#### Task description:
Reproduce the data below exactly. Skip the pictures.

== Data provided ==

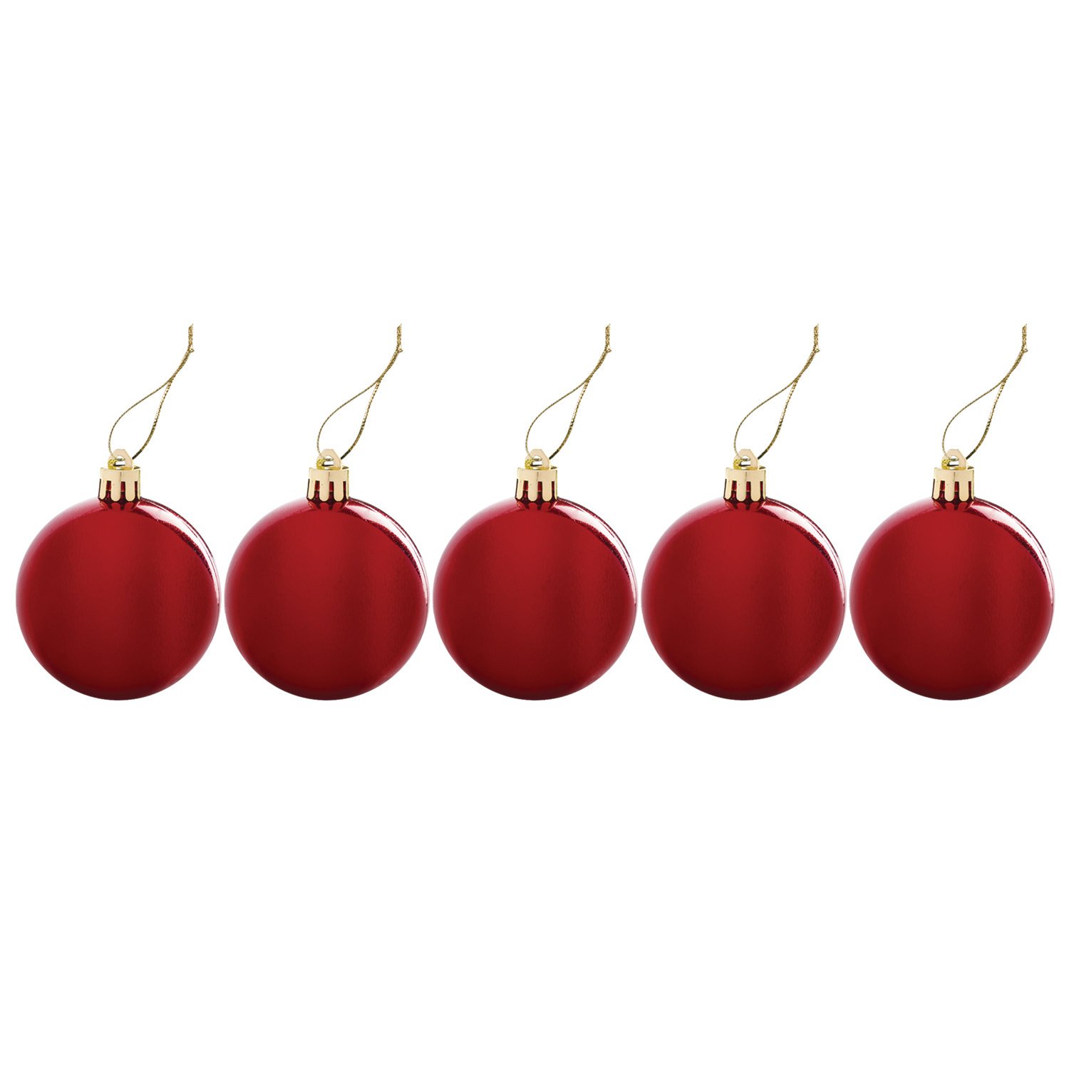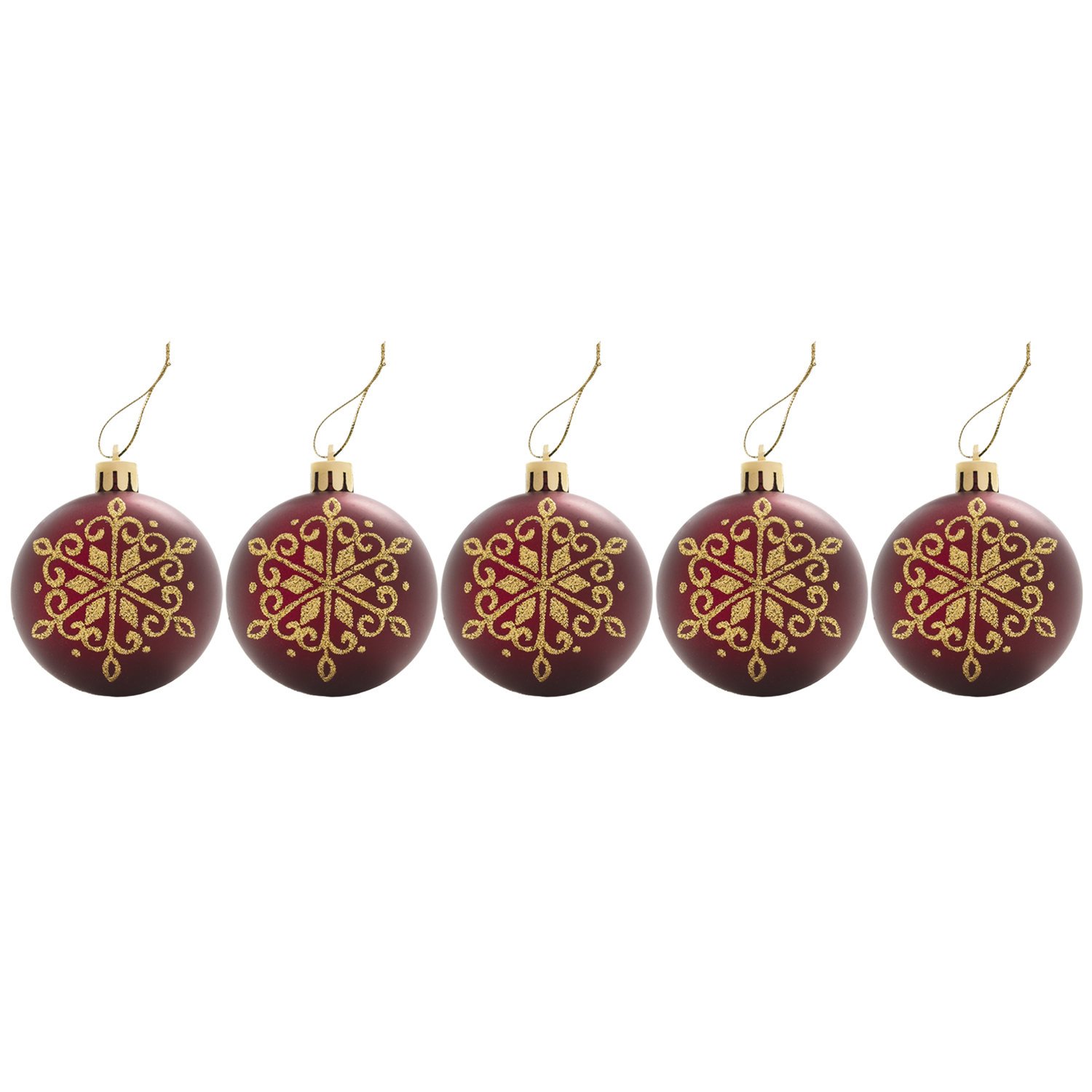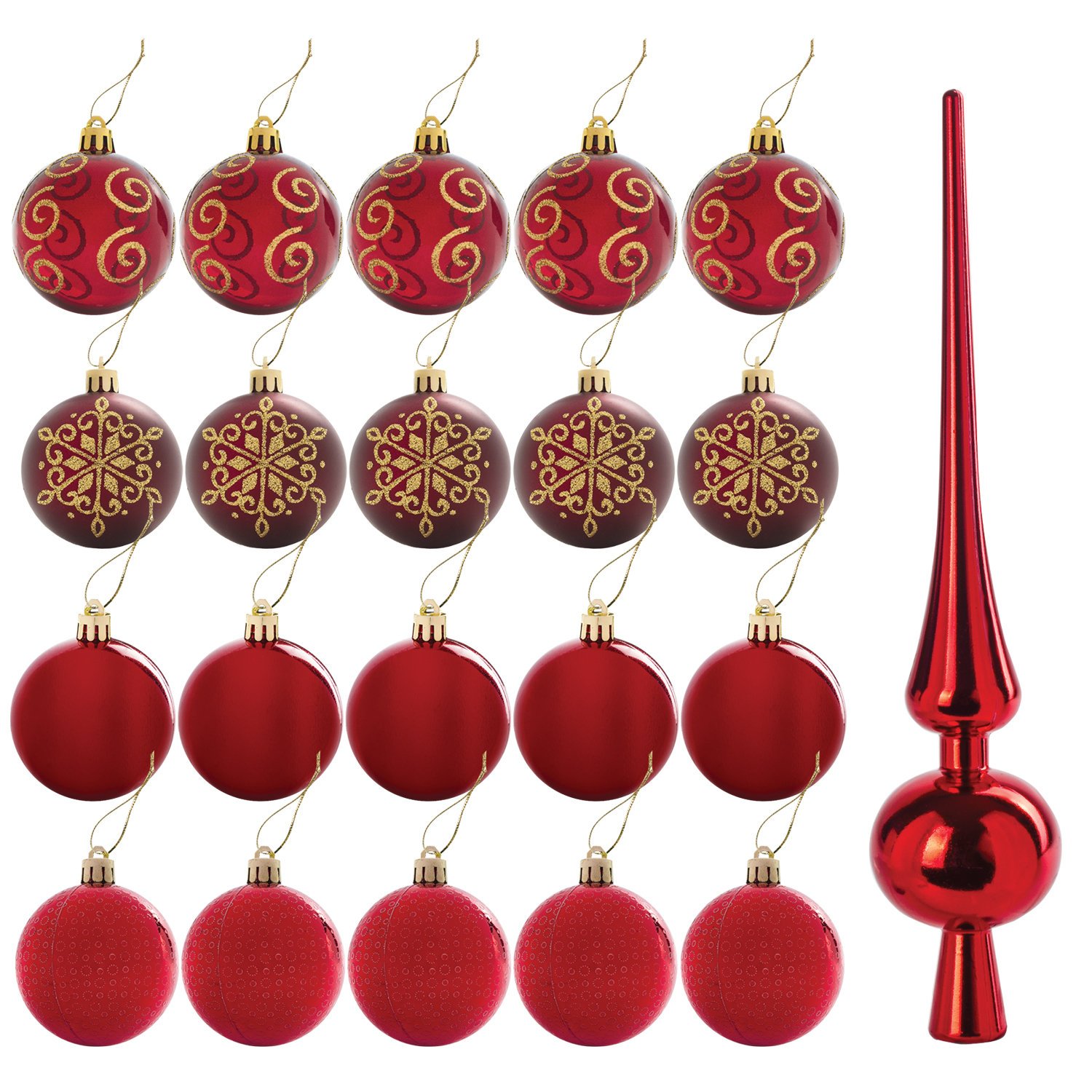 В набор входят: 5 шаров классического красного цвета с глянцевым покрытием (6 см), 5 шаров цвета "красное вино" с матовым покрытием и рисунком (6 см), 5 шаров красного цвета с текстурой (6 см), 5 прозрачных шаров винного цвета с рисунком (6 см) и наконечник на ель красного цвета с глянцевым покрытием (28 см).
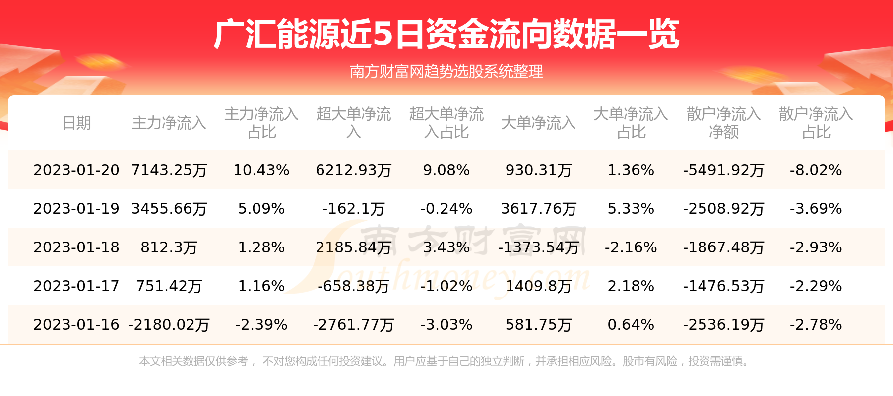 1月20日消息,广汇能源1月20日主力资金净流入7143.25万元,超大单资金净流入6212.93万元,大单资金净流入930.31万元,散户资金净流出5491.92万元。
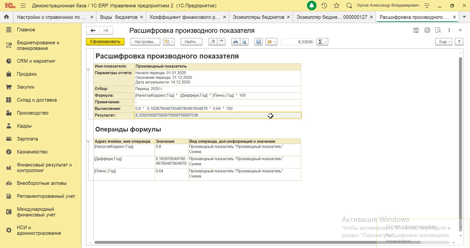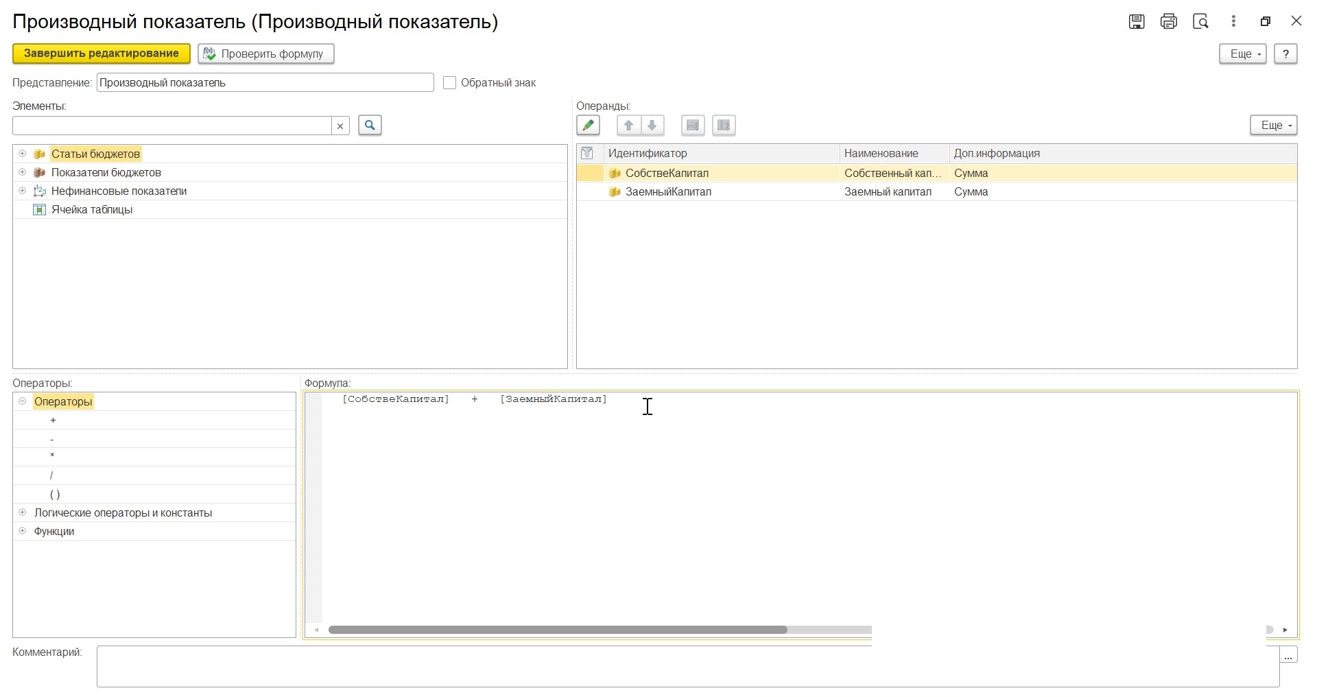 Настраиваем каждый производный показатель, выбираем операнды, которые будут участвовать в формуле, присваиваем формулу в пользовательском режиме.
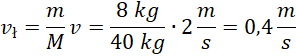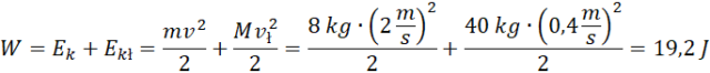 Praca, jaką wykonał łyżwiarz, jest równa sumie energii kinetycznej sanek i łyżwiarza. Prędkość łyżwiarza oblicz za pomocą zasady zachowania pędu.

===

#### Task response:
 В набор входят: 5 шаров классического красного цвета с глянцевым покрытием (6 см), 5 шаров цвета "красное вино" с матовым покрытием и рисунком (6 см), 5 шаров красного цвета с текстурой (6 см), 5 прозрачных шаров винного цвета с рисунком (6 см) и наконечник на ель красного цвета с глянцевым покрытием (28 см).
 1月20日消息,广汇能源1月20日主力资金净流入7143.25万元,超大单资金净流入6212.93万元,大单资金净流入930.31万元,散户资金净流出5491.92万元。
 Настраиваем каждый производный показатель, выбираем операнды, которые будут участвовать в формуле, присваиваем формулу в пользовательском режиме.
 Praca, jaką wykonał łyżwiarz, jest równa sumie energii kinetycznej sanek i łyżwiarza. Prędkość łyżwiarza oblicz za pomocą zasady zachowania pędu.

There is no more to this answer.